**AVAILABLE DATA**:
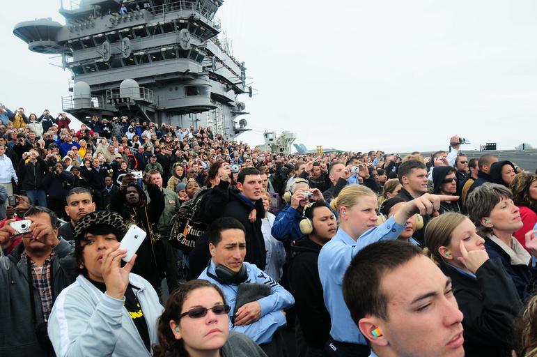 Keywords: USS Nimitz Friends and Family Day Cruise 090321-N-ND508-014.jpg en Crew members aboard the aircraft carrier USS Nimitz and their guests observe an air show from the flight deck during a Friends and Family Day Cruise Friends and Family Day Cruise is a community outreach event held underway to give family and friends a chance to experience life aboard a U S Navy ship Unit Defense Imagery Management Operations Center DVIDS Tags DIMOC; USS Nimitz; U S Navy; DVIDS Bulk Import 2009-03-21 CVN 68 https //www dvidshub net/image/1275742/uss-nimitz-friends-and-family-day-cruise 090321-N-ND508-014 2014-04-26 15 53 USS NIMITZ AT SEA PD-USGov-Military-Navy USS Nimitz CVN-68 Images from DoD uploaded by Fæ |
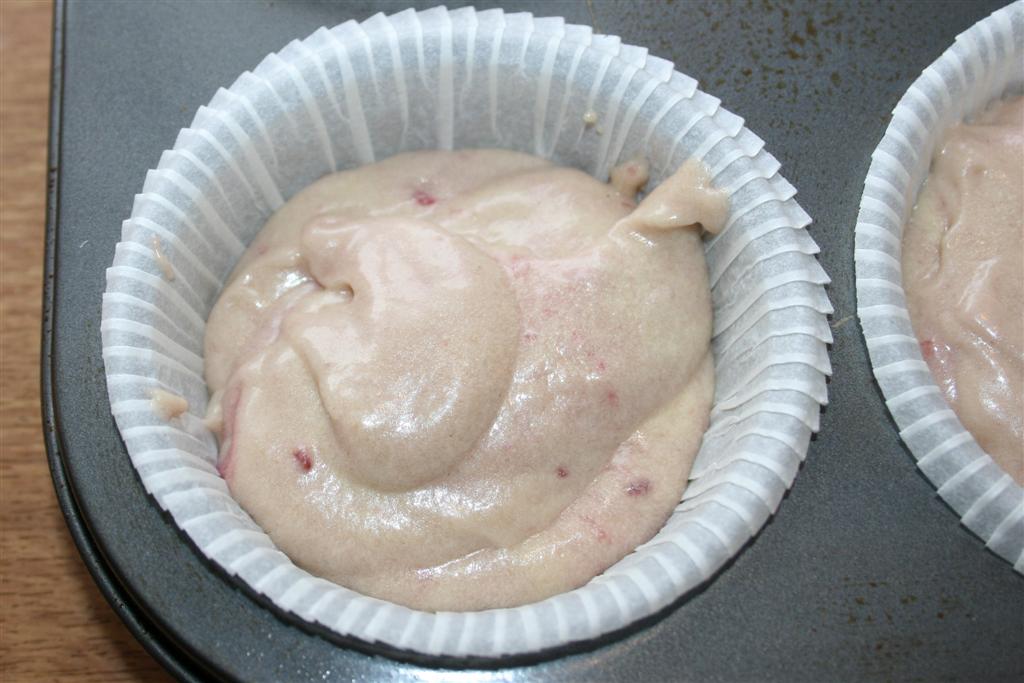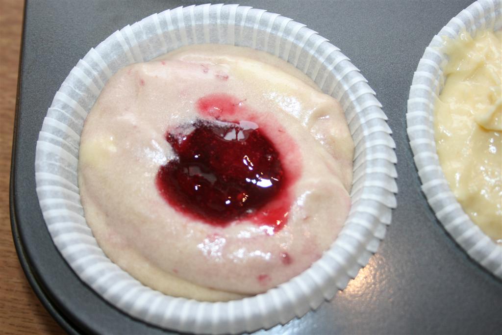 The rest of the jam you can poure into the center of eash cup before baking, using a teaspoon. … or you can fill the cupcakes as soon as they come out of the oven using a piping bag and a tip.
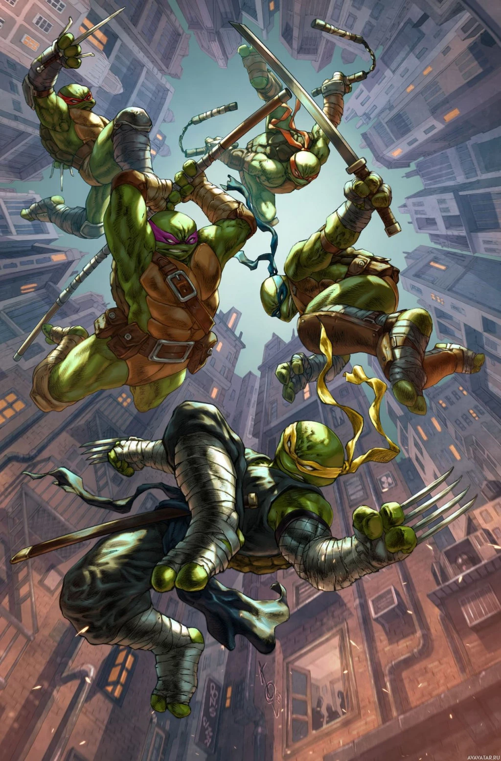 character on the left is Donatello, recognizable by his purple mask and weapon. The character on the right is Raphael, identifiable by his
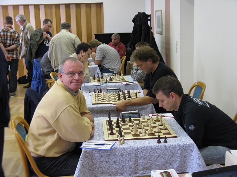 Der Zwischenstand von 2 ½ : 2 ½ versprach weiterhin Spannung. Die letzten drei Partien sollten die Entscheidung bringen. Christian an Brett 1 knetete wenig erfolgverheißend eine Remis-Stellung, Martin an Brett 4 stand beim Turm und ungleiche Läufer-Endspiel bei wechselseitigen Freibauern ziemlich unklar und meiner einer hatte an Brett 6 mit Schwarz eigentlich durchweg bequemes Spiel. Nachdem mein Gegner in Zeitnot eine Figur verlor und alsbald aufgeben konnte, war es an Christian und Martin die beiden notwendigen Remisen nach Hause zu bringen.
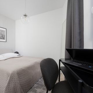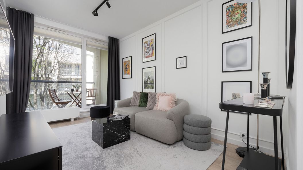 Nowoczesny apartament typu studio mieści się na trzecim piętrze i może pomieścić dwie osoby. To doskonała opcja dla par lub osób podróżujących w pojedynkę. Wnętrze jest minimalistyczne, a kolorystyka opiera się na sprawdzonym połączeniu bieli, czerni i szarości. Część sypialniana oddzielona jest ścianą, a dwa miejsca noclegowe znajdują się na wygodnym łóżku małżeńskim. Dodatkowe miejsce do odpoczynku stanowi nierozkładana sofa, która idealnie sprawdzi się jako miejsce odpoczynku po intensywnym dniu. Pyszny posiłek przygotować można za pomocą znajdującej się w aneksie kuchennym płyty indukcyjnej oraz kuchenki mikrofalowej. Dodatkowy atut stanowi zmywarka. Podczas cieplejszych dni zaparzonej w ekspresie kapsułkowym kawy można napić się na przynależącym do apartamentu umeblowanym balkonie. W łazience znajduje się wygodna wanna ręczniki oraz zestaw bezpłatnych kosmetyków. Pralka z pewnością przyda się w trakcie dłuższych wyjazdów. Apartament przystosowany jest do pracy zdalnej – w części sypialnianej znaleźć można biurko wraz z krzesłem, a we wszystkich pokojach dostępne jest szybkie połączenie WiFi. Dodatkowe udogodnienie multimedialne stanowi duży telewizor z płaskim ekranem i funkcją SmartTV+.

**YOUR GOAL**: Your task is to repeat exactly the lines from the beginning of the data to the line that contains "The rest of", both ends included, leaving out pictures.

**TASK ANSWER**:
 Keywords: USS Nimitz Friends and Family Day Cruise 090321-N-ND508-014.jpg en Crew members aboard the aircraft carrier USS Nimitz and their guests observe an air show from the flight deck during a Friends and Family Day Cruise Friends and Family Day Cruise is a community outreach event held underway to give family and friends a chance to experience life aboard a U S Navy ship Unit Defense Imagery Management Operations Center DVIDS Tags DIMOC; USS Nimitz; U S Navy; DVIDS Bulk Import 2009-03-21 CVN 68 https //www dvidshub net/image/1275742/uss-nimitz-friends-and-family-day-cruise 090321-N-ND508-014 2014-04-26 15 53 USS NIMITZ AT SEA PD-USGov-Military-Navy USS Nimitz CVN-68 Images from DoD uploaded by Fæ |
 The rest of the jam you can poure into the center of eash cup before baking, using a teaspoon. … or you can fill the cupcakes as soon as they come out of the oven using a piping bag and a tip.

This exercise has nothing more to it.